Comprendre qu'il s'agit d'une maladie chronique aide à maintenir des attentes réalistes.
Mythes et réalités
- Mythe : Le mélasma n'est qu'une tache superficielle. Réalité : C'est une maladie complexe dans laquelle interviennent de multiples mécanismes biologiques.
- Mythe : Une fois éliminé, il ne reviendra pas. Réalité : Il a tendance à réapparaître si le traitement et la photoprotection ne sont pas maintenus.
- Mythe : Plus le peeling est fort, mieux c'est. Réalité : Les traitements trop agressifs peuvent aggraver la pigmentation.
- Mythe : La protection solaire à elle seule élimine le mélasma. Réalité : Elle est indispensable, mais doit normalement être combinée à des traitements spécifiques.
- Mythe : Tous les patients ont besoin du même traitement. Réalité : Le traitement doit toujours être individualisé.
Les points essentiels à retenir
- Le mélasma est une maladie pigmentaire chronique, et non une simple tache.
- Le rayonnement ultraviolet, la lumière visible, la chaleur et les hormones jouent un rôle important.
- Le traitement doit être adapté à chaque patient et combiner photoprotection et thérapies dépigmentantes.
- La photoprotection quotidienne est le pilier fondamental du traitement.
- Les rechutes sont fréquentes et ne signifient pas que le traitement a échoué.
- Avec un suivi médical adapté, la plupart des patients obtiennent une amélioration très importante et durable.
Questions fréquentes
Le mélasma disparaît-il complètement ?
Il peut s'améliorer de façon extraordinaire, mais nécessite généralement un entretien pour éviter les rechutes.

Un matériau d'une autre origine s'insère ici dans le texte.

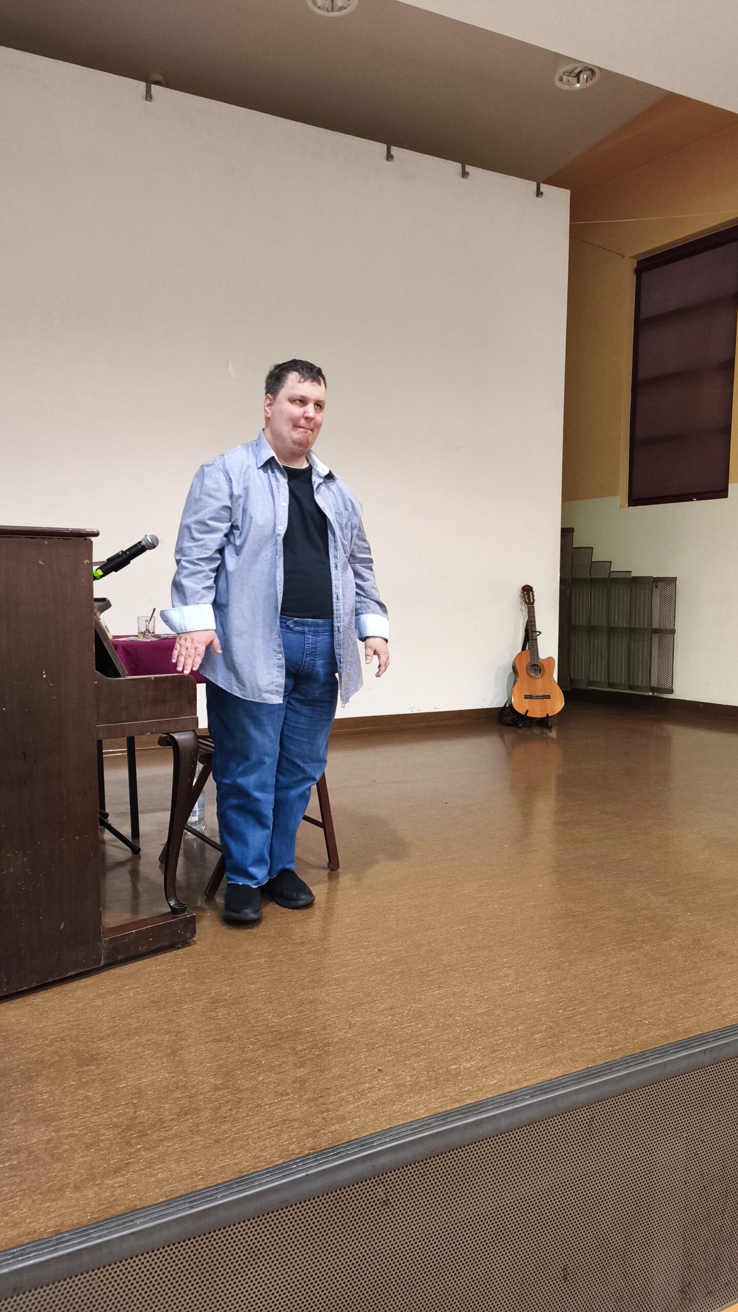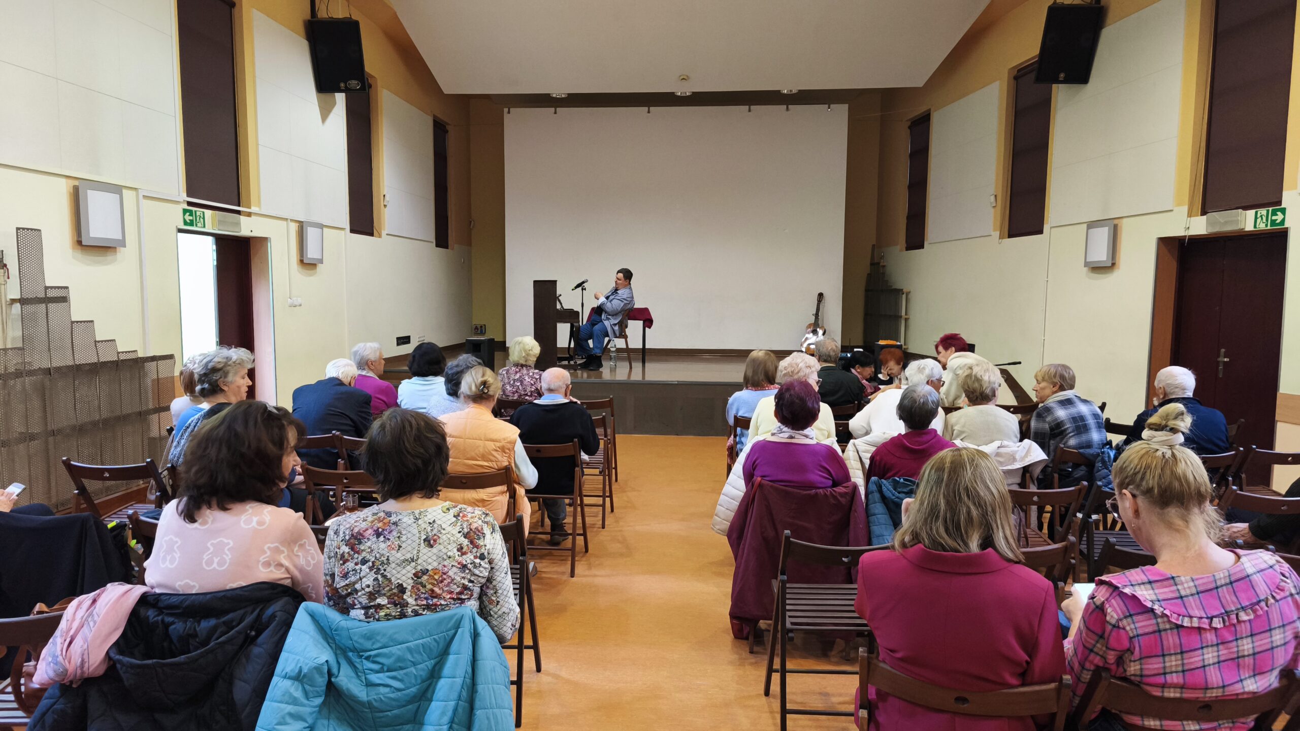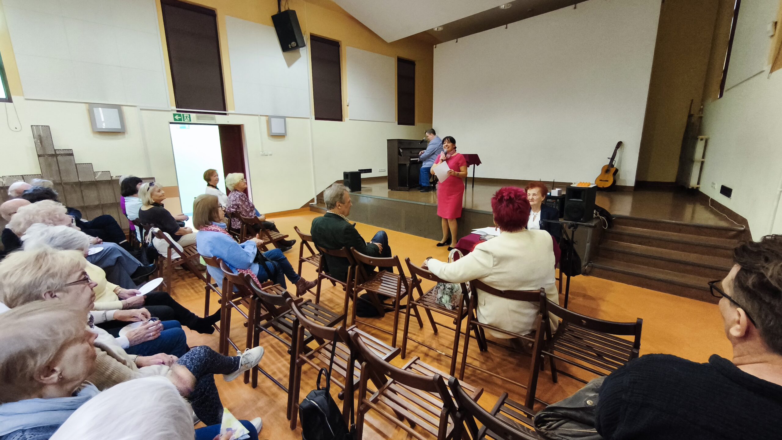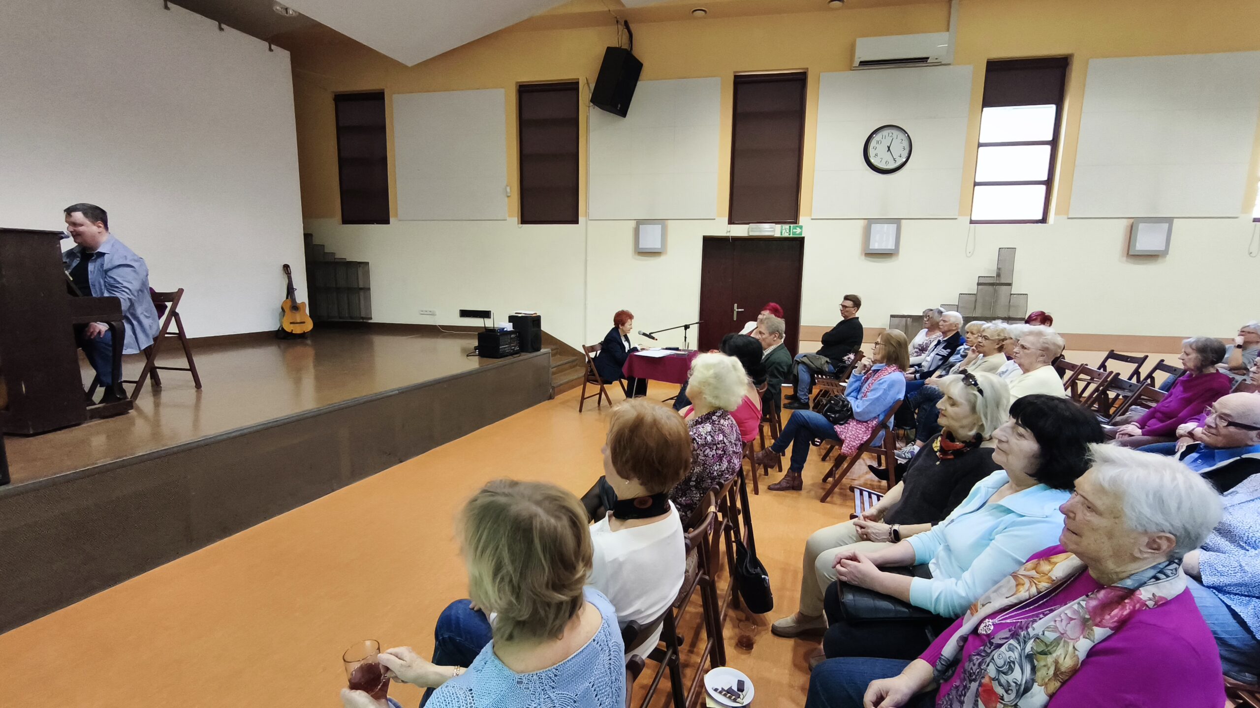 Ponad półtoragodzinny koncert obfitował w emocje i muzyczną różnorodność. Do wspólnego śpiewania dołączyła również Pani Dyrektor Eleonora Maras, która nie tylko zaśpiewała w esperanto, ale także zagrała na gitarze, tworząc z Carstenem niezwykle ciepły i spontaniczny duet.
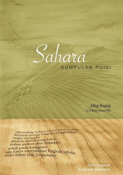 Sahara menghimpunkan 60 buah puisi yang tersirat di maya qalbuku yang ditajallikan sebagai bentuk puisi. Temanya memaparkan suatu pengalaman mistik dalam pencarian untuk menemui-Nya sebagai Kekasih bagi segala kekasih. Pengalaman ini membuat aku begitu sedar merasakan bahwa untuk menemui-Nya bukanlah semudahnya melangkah dengan selangkah-dua tapak di atas muka bumi-Nya, tetapi telah Dia bentangkan sebuah padang pasir yang luas dan tandus, menempuh berbagai cabaran dan ujian penderitaan, sepertimana Dia telah menghimpunkan para tetamu-Nya pada Hari Wukuf di Padang Arafah.
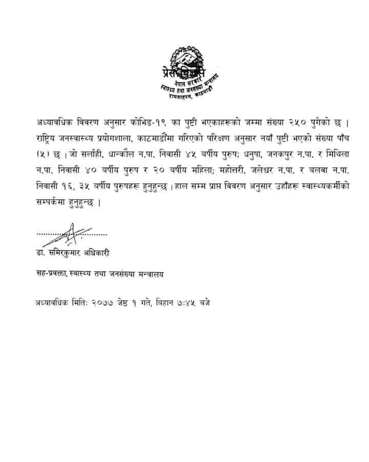 कोरोना संक्रमितको संख्या २ सय ५० पुगेको पुष्टि

La grossesse peut-elle produire un mélasma ?
Oui. C'est l'un des déclencheurs les plus fréquents.
Le soleil l'aggrave-t-il ?
Oui, mais la lumière visible et la chaleur peuvent aussi influer.
Puis-je me maquiller ?
Oui. De plus, certains maquillages avec des oxydes de fer apportent une protection supplémentaire contre la lumière visible.

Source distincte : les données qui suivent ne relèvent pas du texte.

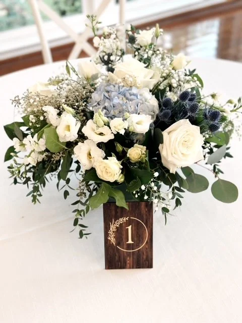 A floral arrangement with white roses, blue hydrangea, and various greenery in a wooden vase with the number 1 engraved on it, on a white tablecloth at an event.
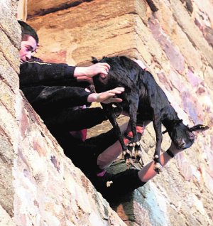 สัตว์ที่ว่านี้คือ แพะ ซึ่งถูกโยนลง มาจากหอระฆังสูง 50 ฟุต ลงมายังพื้นด้านล่างที่มีกลุ่มคนถือผ้าผืนใหญ่รอรับตัวมันอยู่ จึงไม่น่าแปลกใจเลยที่นักต่อ
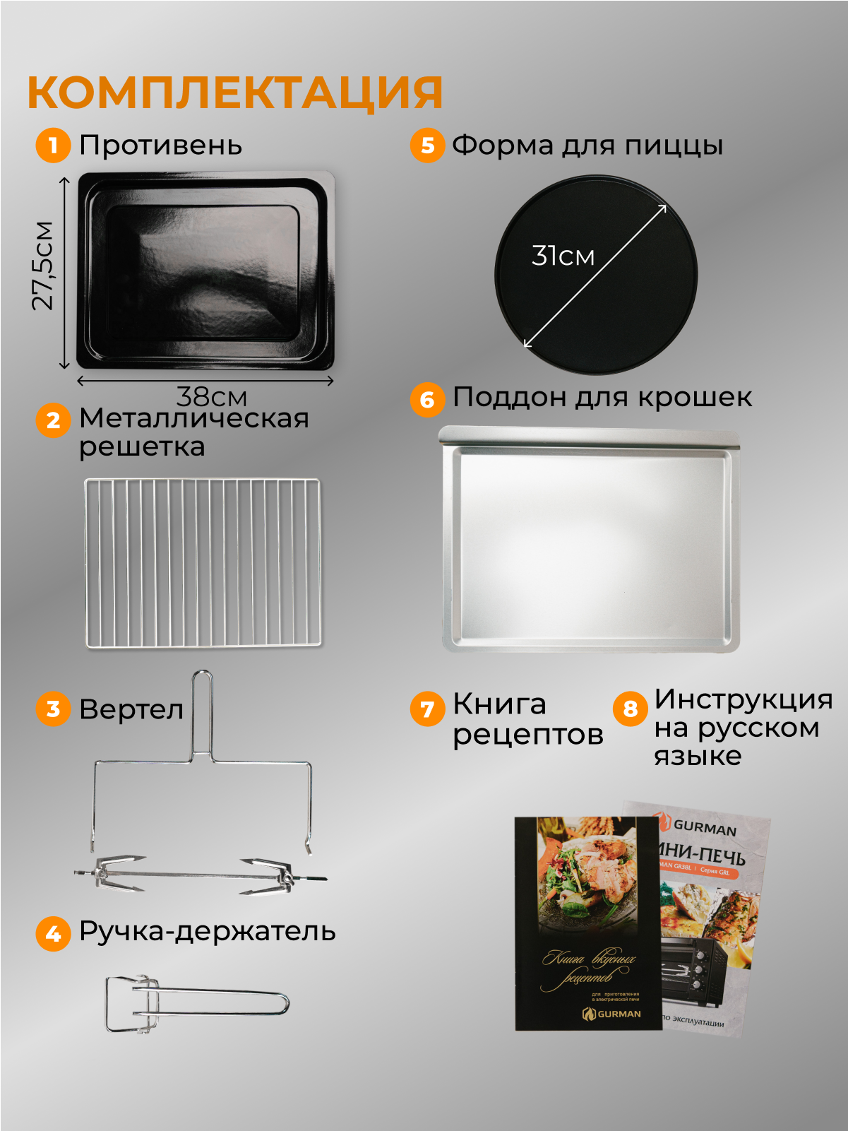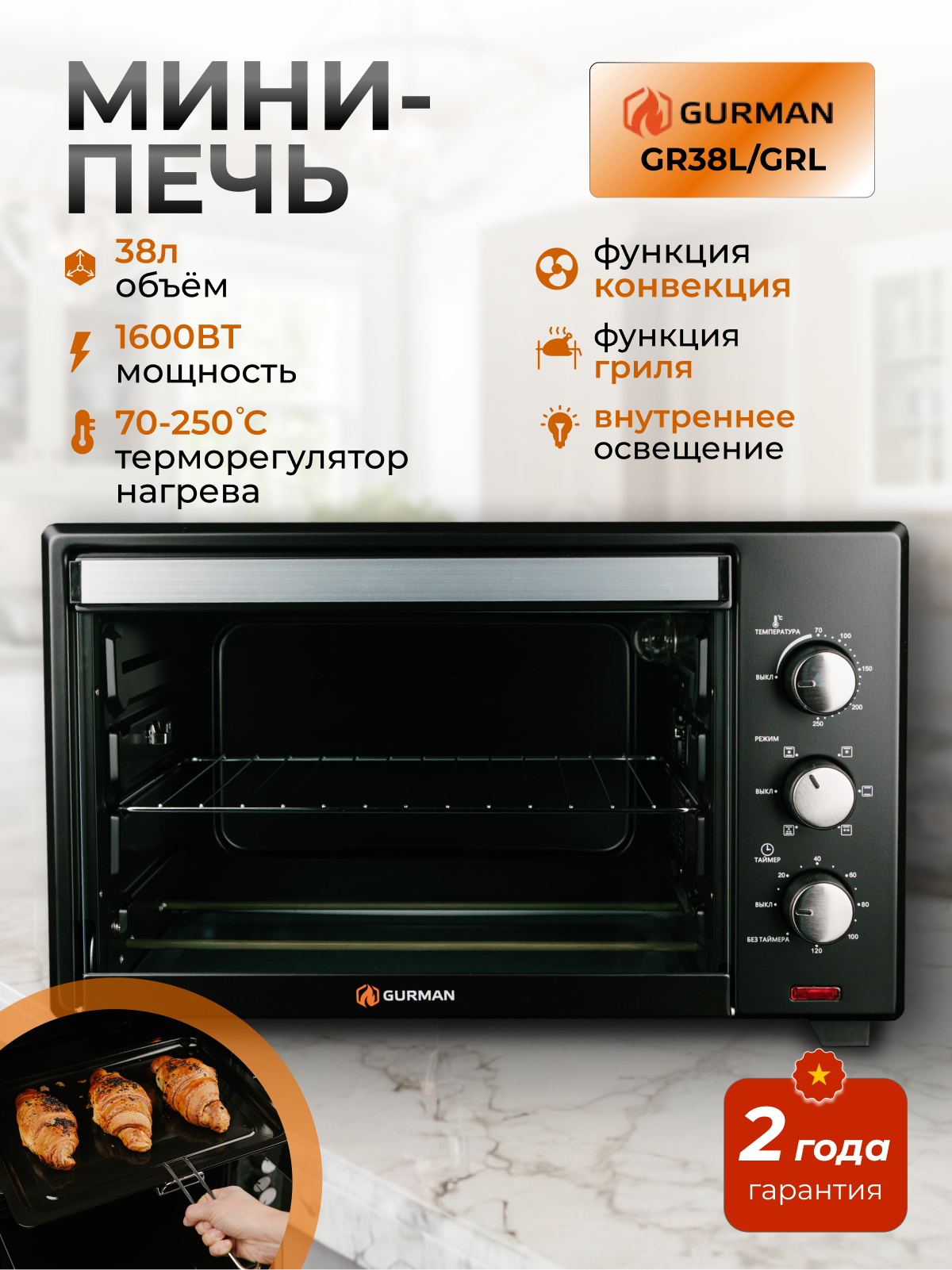 Купить Мини-печь электрическая GR38L с конвекцией и грилем с доставкой по всей России. Мини-печь электрическая GR38L с конвекцией и грилем: сравнение цен, характеристики, фото, актуальное наличие и цены.

Les traitements naturels fonctionnent-ils ?
Il n'existe pas de preuve scientifique solide soutenant la plupart des remèdes maison.
Le laser est-il toujours la meilleure option ?

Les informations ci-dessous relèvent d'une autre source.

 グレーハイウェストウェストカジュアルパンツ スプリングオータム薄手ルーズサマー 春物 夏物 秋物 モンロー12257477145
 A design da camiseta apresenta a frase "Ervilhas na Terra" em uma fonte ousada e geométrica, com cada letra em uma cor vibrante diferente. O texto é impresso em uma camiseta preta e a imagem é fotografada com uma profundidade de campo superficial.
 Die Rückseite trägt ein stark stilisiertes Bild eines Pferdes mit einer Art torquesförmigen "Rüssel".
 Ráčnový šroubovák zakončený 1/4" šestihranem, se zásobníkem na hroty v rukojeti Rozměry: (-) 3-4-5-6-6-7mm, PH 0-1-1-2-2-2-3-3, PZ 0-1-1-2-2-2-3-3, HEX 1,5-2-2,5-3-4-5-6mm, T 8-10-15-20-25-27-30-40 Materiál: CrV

Non. Il ne doit être indiqué que chez des patients sélectionnés.
Le mélasma peut-il être prévenu ?
Pas toujours, mais une bonne photoprotection réduit clairement le risque d'aggravation.
Est-il contagieux ?
Non.
Est-ce un cancer ?
Non. C'est une altération bénigne de la pigmentation.
A-t-il une solution ?
Oui. Bien qu'il n'existe pas de guérison définitive, il existe des traitements très efficaces pour contrôler la maladie et améliorer significativement l'aspect de la peau.
Besoin d'un accompagnement personnalisé ?
Ce guide a une vocation informative et ne remplace pas une consultation médicale. Pour une évaluation adaptée à votre cas, vous pouvez demander une consultation.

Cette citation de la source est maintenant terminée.